"Attraction but not love," I suggested.

"Sure," she said, smiling brilliantly and getting the hint.

"Affection but not emotion?"

"Yes. You're getting it!"

"Faith but not-"

She cut me off. "Damn it, Jay, you've lost it again. THINK!"

I scowled. It just didn't make any sense! "Think? I've been trying to do just that for the last hour and it's apparently not helping." I took another stab at it. "Frustrated but not bitter?"

She laughed. "You are so damn lucky, but you're still not getting it. You're overthinking it. It's 'bitter but not frustrated.' I'll invert it if you get it wrong."

"But if I got it," I countered, "how can you say I'm not getting it?"

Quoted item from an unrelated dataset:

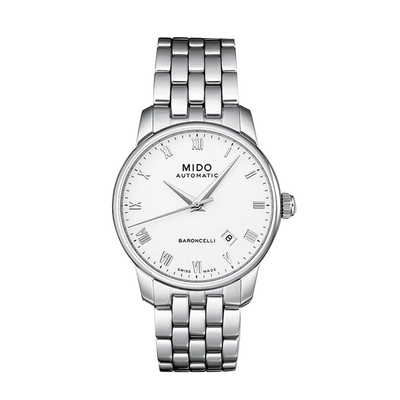 经典三针表盘设计,搭配罗马数字刻度,时间直观易读。表带精钢材质打造,细腻抛光处理,佩戴顺滑亲肤。

She shrugged. "If you got it, you'd get it every time. I can see the pattern you're using and that's not it. It's amazing that you're so lucky with it, though."

I sat back, dejected. "Riddles but no answers."

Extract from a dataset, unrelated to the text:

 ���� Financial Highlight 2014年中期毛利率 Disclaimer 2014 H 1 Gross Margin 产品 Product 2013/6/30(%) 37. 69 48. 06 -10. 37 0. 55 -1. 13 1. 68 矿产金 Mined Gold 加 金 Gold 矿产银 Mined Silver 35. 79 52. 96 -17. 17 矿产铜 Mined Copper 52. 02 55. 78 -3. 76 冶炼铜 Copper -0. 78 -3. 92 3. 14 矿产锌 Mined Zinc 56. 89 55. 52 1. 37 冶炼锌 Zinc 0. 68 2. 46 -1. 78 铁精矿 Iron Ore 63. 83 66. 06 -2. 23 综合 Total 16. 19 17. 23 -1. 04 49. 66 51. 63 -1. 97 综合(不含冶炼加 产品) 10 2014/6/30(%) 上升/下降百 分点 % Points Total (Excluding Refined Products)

"You're toying with me, right?"

"No," I almost shouted. "I just don't get it! That last was cynicism."

"Well, it was right."

"ARRRRGH!"

Normally I'm good at riddles and puzzles of most types. When I was a kid I had this unique gift for picking out and unraveling patterns and themes, like Colin Laney in William Gibson's "Idoru." This is why it's so easy for me to come up with metaphors when I'm trying to explain something to people and they're just not getting the basic concept from my own perspective. We speak in metaphors so much, as a species, and we never really notice it. We take words for granted as having a meaning at face value, but not looking into their depth and realizing the hidden pearls within. In the Baha'i Faith, it is a common sort of cliché, first uttered by the founder's son, Abdu'l-Baha, that every word has "seventy-plus-two meanings." Seventy-two meanings for each word in any language or just for the Persian languages? This is a question I wish someone had bothered to ask him when he was still alive. He probably would've answered with a cryptic, "Yes." But, then again, that's what religious leaders do, right? They mystify people.

This woman is no religious leader, but she continually mystifies me to the Nth degree, far more often than she has a right to.

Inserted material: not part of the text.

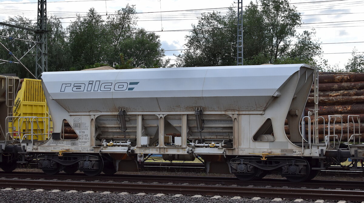 Drehgestell-Schüttgutwagen mit dosierbarer Schwerkraftentladung vom Einsteller Railco a.s. aus Tschechien für Captrain im Einsatz mit der Nr. 33 TEN 54 CZ-RCO 6937 122-3 Faccnpps 442.1 leladen mit Sand in einem Ganzzug am 10.07.25 Höhe Bahnhof Magdeburg Hbf. Lothar Stöckmann

I played this game with her last night like a gladiator with wall-eye vision. Hit, hit, hit, hit; miss, miss, miss; hit, hit; miss- drunken battle ship ("War but not battle?" "No. Battle but not the war." "Oh. Certainly. Of course. How stupid of me."). I did it for nearly two hours before I threatened mental suicide and she finally told me. When I saw her explanation, it hit me like a train of thought wreck. Apparently, I'd thought of the pattern she'd shown me, and dismissed it as being way too simple. A complex mind never likes to think simply. Ask Einstein, he'll back me up on that one. When I got it, though, when I was led to the truth ("A horse led to water," she called me), she and I began to torture everyone present. It's a fun game, once you know the rules.